F(x), F(-x), and a long tangent
Been doing the work but not finding time to blog about it. This week I've been studying from Calculus Lifesaver Tools which is super well-written and so far has taught me a lot about functions and the inverse of functions. Where is this going? Good places, I'm sure. Also on Tuesday I took a break from the harder stuff and spent time with Secrets of Mental Math which is just plain fun to both read and do. Calculating stuff in my head has always been fairly easy and reading these tricks reinforced some of the things I already knew and then taught me some awesome new tricks.
Doing the rapid mental math reminded me of a time, so very long ago, when I was at Concordia and my girlfriend and I volunteered for a psychological study on female friendships. We didn't tell the researchers we were actually dating because we were broke students in Montreal and we needed the pizza money ($15 each for 3 hours buys a lot of pizza in 1996).
The test was conducted by putting Abi and myself in a room with two video game stations, probably Atari or a nearby relative. Prior to playing they attached sensors to our skin to measure our various body signals, and then we were left to play the game which turned out to be a very simple math equation quiz with two answers displayed (left and right). To get points you just had to choose the correct answer with your controller.
I admit, my first reaction was probably something like "I'm going to kick ass at this!". But then we started playing and...I DIDN'T. The most frustrating part was that there were answers I KNEW were right and I was getting big red X's on the screen and my score was being negatively affected by wrong answers. It drove me nuts. To make it worse, one of the researchers (oh, they were both women too, btw) came in, sat on the arm of my chair and started to criticize me as I played. "You didn't know that one?" "Wow, you suck at math". Things like that.

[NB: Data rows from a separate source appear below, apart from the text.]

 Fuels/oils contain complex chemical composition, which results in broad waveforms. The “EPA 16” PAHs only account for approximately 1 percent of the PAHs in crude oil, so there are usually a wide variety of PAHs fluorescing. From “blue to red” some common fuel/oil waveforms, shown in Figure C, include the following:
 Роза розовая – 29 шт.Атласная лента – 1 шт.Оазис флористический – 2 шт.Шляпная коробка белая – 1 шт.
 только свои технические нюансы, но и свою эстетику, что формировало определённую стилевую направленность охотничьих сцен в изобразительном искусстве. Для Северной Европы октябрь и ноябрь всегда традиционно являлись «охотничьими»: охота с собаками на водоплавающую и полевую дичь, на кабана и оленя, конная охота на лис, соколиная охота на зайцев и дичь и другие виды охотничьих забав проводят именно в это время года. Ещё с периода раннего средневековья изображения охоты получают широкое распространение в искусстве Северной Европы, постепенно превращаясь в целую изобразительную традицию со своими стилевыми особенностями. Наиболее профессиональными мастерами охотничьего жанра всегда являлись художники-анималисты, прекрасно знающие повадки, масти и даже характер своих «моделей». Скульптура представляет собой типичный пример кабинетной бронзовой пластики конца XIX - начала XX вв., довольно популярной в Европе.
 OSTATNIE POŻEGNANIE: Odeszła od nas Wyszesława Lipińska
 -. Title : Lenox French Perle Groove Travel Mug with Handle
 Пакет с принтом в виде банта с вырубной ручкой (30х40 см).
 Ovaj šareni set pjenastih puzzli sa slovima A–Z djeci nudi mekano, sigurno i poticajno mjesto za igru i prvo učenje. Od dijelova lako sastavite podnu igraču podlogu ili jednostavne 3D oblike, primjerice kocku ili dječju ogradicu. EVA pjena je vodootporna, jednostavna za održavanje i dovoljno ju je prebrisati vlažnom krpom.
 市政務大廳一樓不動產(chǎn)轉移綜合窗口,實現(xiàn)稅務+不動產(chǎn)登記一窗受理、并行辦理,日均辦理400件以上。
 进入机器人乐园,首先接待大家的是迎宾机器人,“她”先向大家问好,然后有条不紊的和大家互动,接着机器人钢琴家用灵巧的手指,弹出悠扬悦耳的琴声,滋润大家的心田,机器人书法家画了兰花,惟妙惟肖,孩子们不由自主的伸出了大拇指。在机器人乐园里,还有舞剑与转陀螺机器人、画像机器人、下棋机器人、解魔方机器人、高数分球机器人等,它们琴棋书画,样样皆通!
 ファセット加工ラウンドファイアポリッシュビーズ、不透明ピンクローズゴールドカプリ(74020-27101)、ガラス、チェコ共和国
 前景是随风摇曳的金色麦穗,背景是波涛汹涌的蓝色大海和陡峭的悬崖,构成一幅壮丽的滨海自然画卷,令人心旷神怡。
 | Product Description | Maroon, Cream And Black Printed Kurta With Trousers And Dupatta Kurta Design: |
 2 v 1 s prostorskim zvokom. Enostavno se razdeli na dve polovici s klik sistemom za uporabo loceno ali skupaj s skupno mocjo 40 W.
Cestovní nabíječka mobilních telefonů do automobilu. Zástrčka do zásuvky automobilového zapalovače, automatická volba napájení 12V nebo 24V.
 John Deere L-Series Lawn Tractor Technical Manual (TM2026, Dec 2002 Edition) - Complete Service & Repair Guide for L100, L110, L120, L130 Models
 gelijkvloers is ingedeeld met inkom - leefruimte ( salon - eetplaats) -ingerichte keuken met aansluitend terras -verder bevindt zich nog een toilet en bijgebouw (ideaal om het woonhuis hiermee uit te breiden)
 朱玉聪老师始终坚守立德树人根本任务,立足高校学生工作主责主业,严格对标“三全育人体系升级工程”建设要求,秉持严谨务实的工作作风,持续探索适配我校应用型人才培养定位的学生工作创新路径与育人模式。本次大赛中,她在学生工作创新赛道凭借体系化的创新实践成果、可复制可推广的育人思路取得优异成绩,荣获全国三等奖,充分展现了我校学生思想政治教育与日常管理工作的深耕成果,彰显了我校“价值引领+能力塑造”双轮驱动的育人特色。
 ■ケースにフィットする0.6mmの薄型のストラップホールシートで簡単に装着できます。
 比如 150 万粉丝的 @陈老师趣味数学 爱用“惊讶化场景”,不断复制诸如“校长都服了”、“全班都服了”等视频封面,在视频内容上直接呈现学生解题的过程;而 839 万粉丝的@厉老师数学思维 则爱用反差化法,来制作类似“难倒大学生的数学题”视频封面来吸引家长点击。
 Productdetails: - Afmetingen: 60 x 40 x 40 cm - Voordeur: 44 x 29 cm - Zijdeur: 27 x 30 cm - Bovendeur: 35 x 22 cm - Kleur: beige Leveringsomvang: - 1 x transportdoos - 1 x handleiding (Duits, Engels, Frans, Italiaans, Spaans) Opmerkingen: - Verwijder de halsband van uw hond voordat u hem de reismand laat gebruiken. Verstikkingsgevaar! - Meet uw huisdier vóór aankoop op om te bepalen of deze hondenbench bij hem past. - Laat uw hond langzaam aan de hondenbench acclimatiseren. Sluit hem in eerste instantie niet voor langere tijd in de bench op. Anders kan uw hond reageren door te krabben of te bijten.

She left the room and got into a heated argument with the other researcher while Abi and I kept playing the game. Then the argument took a turn for the worse and she stormed out.
At some point during their arguing Abi and I glanced at each other and realized that we both had picked up on the fact that the 'fight' happening in the other room was being staged. When the researcher who didn't leave in huff came back in she apologized for her colleagues' behaviour and took us into an interview room for questioning.
After we answered all their questions we got to ask some of our own. Turns out that yes, the fight was staged. Yes, she was mean to me as part of the experiment. My reactions to the treatment recorded as being elevated but Abi's were apparently through the roof - she told me later that it took all her will to not get up and slug the woman. Here's to a fiercely protective girlfriend :)
Also, it turns out the game was rigged. The station I sat at happened to be the one programmed to make the player fail. I needed to hear that so badly. It shook me to suck so badly at something I thought I was good at. That experiment stayed with me for a while, we told all our friends about it over 99 cent pizza slices or cheap beer at the Miami. Eventually I forgot, until Tuesday when I was doing the mental math tricks and was reminded: "Hey, I'm good at this, why did I think I wasn't?".